Raising the Profile of Magnetoencephalography (MEG) as a Localizing Tool for Epilepsy
In his role as president of the American Clinical MEG Society (ACMEGS), Jeff Tenney, MD, PhD, wants to help referring physicians see magnetoencephalography for what it is: an indispensable technology to directly measure and localize brain activity.
MEG has a unique ability to localize seizures, and extensive evidence supports its utility in presurgical epilepsy evaluations. However, unfamiliarity with the technology’s benefits and indications persists, even in the epilepsy community.
“Only MEG can measure fast, millisecond phenomena and also perform localization accurate to the millimeter level,” says Tenney, a pediatric epileptologist who is clinical director of the MEG Center at Cincinnati Children’s. “Based on the evaluation of several thousands of patients over the past several decades, MEG improves the surgical outcome of epilepsy patients. EEG and MEG go hand-in-hand in a comprehensive epilepsy surgery evaluation. Any patient who will undergo invasive EEG evaluation should have MEG completed prior to help guide the electrode placement.”
The non-invasive test measures the magnetic fields that naturally emanate whenever electric current flows within the neurons of the brain. The fields being measured are extremely weak, about a billion times smaller than the Earth's magnetic field. MEG’s sophisticated instrumentation is sensitive enough to detect these weak signals.

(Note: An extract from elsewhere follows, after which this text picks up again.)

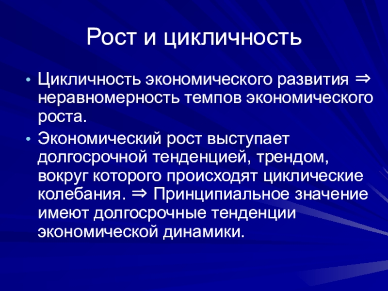 рост выступает долгосрочной тенденцией, трендом, вокруг которого происходят циклические колебания.

Cincinnati Children’s has been using MEG in the presurgical evaluation of epilepsy patients since 2005, with 135 evaluations last year alone.

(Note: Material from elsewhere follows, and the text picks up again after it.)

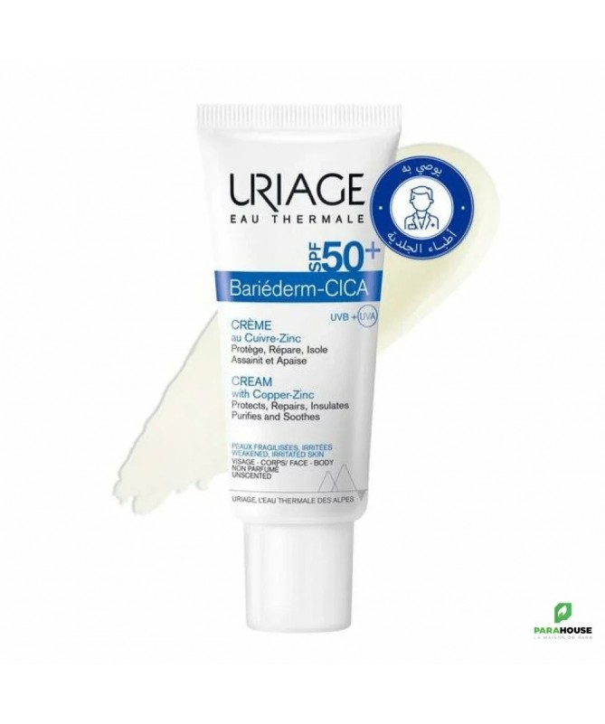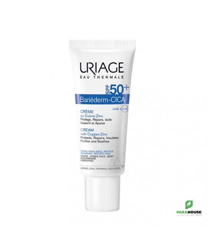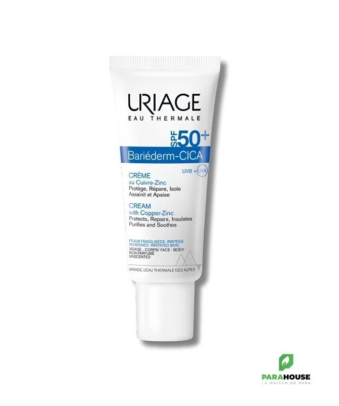 URIAGE BARIÉDERM - CICA CRÈME SPF50+ 40ML BARIEDERM CICA CREME SPF 50 (Soins peaux sensibles, Soins peaux irritées) URIAGE BARIEDERM CICA CREME SPF 50 est le soin idéal pour les peaux fragilisées à la suite d’agressions diverses pouvant être exposées au soleil : Sensations de démangeaisons, échauffements, post-actes dermo-esthétiques, tatouages... Uriage spf 50 bariederm : Isole et Protège : Double protection : Le brevet Poly-2P crée un « effet barrière » immédiat non-occlusif pour isoler et protéger la peau des agents extérieurs. La très haute protection solaire SPF50+ protège et aide à prévenir les marques post-cicatricielles (taches brunes ou rouges). Répare : Le complexe breveté GF-Repair stimule les facteurs de croissance pour favoriser la réparation de l’épiderme. Assainit et Apaise : L’Eau Thermale d’Uriage associé au D-Panthénol apaise immédiatement et durablement les irritations. Le Cuivre-Zinc aide à limiter le risque de prolifération bactérienne. Le Cuivre-Zinc aide à limiter le risque de prolifération bactérienne. Composition : Eau Thermale d’Uriage Cuivre-Zinc Poly-2P Smectite GF-Repair D-Panthenol Acide Hyaluronique Silicium Organique Filtres UVA/UVB Non parfumé Testé dermatologiquement AQUA (WATER, EAU) — ETHYLHEXYL METHOXYCINNAMATE — NEOPENTYL GLYCOL DIHEPTANOATE — CETYL PEG/PPG-10/1 DIMETHICONE — DICAPRYLYL ETHER — DIETHYLAMINO HYDROXYBENZOYL HEXYL BENZOATE — SODIUM CHLORIDE — ETHYLHEXYL TRIAZONE — DIMETHICONE — ETHYLHEXYL SALICYLATE — GLYCERYL BEHENATE — PANTHENOL — PEG-30 DIPOLYHYDROXYSTEARATE — BIS-ETHYLHEXYLOXYPHENOL METHOXYPHENYL TRIAZINE — DISTEARDIMONIUM HECTORITE — MAGNESIUM SULFATE — HYDROGENATED POLYDECENE — METHYLPROPANEDIOL — POLYGLYCERYL-3 DIISOSTEARATE — TOCOPHERYLACETATE — BUTYLENE GLYCOL — COPPER GLUCONATE — GLYCERIN — PROPYLENE CARBONATE — PROPANEDIOL — TRIACONTANYL PVP — XANTHAN GUM — CITRIC ACID — ZINC GLUCONATE — POLYQUATERNIUM-61 — HYALURONIC ACID — SILANETRIOL — BHT — BORAGE SEED OIL AMINOPROPANEDIOL AMIDES — GLUTAMYLAMIDOETHYL INDOLE — AMINOPROPANEDIOL — PENTAERYTHRITYL TETRA DI-T-BUTYL HYDROXYHYDROCINNAMATE Conseils d'Utilisation : Il est conseillé d'Appliquer Cica Creme spf 50 de Uriage 1 à 2 fois par jour sur une peau préalablement nettoyée avec le Bariéderm Cica-Gel Nettoyant. En cas d’exposition solaire, renouveler toutes les 2 heures et après chaque bain. Eviter le contour des yeux. Enfants – Adultes

A new MEG system, installed in 2020, provides a comfortable environment for a patient, whose head is fit inside a specialized helmet while lying on a bed for the duration of the test. Inside the helmet, 275 sensors detect abnormal brain activity and identify areas of the brain that are prone to seizures (in comparison, conventional EEG uses only about 20 sensors placed on the scalp).
Tenney and several of his ACMEGS colleagues published the 10 most common evidence-supported indications for MEG in epilepsy surgery (Journal of Clinical Neurophysiology, Nov. 2020). This resource for potential MEG users, current MEG referrers and newcomers to MEG provides guidance for routine clinical situations in which MEG can add unique, clinically valuable data to select surgical candidates. Examples include patients with “spikeless” EEGs and multiple lesions on MRI.
Only seven other pediatric institutions and 14 adult centers in the United States offer MEG, and Tenney hopes that number grows in the years to come. “At Cincinnati Children’s, we almost always use MEG in our presurgical evaluations for children with drug-resistant epilepsy, and about one-third of those patients are external referrals who come for the sole purpose of having the MEG study. The more physicians learn about what MEG can do, the more they realize its potential to localize seizure foci, which can lead to better surgical outcomes and help children with epilepsy experience an improved quality of life.”
The MEG Center is available to investigators throughout Cincinnati Children’s and the University of Cincinnati College of Medicine. Tenney has a current National Institutes of Health award to develop new MEG analysis methods for patients with epilepsy. The objective of this research is to use visual analysis and brain connectivity to pre-surgically distinguish between patients with epilepsy confined to the temporal lobe and those with a more extended seizure network. Tenney and his team hope these methods will improve presurgical planning of epilepsy and better identify patients at risk for worsened outcomes.